Provided material Start Marker

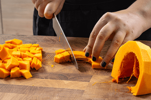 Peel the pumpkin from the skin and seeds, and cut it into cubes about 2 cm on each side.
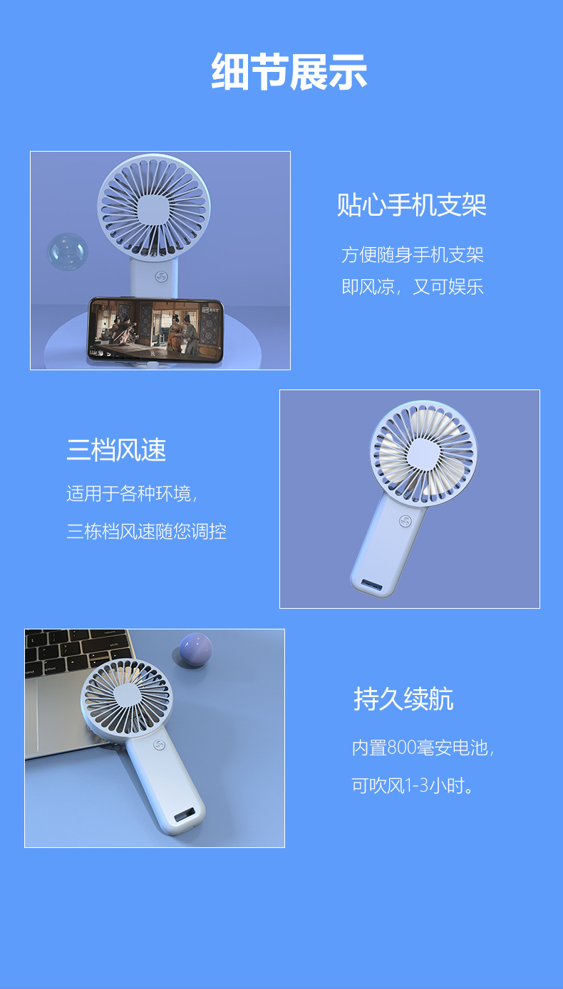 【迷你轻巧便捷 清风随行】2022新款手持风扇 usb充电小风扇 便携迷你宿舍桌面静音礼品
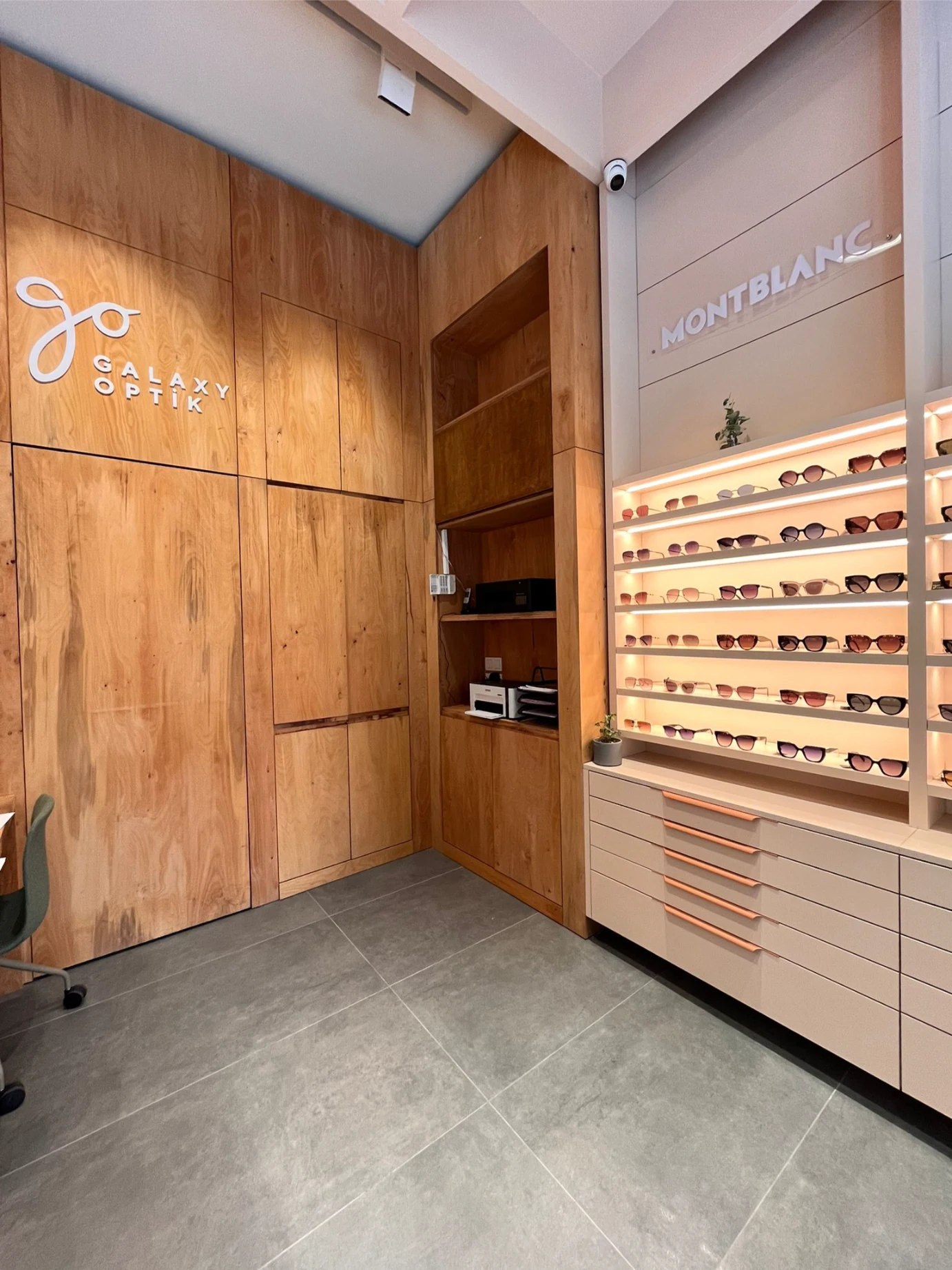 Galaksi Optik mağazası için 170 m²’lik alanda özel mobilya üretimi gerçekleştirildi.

Provided material End Marker

Work to complete: Transcribe the listing exactly; omit all images.

Answer:
 Peel the pumpkin from the skin and seeds, and cut it into cubes about 2 cm on each side.
 【迷你轻巧便捷 清风随行】2022新款手持风扇 usb充电小风扇 便携迷你宿舍桌面静音礼品
 Galaksi Optik mağazası için 170 m²’lik alanda özel mobilya üretimi gerçekleştirildi.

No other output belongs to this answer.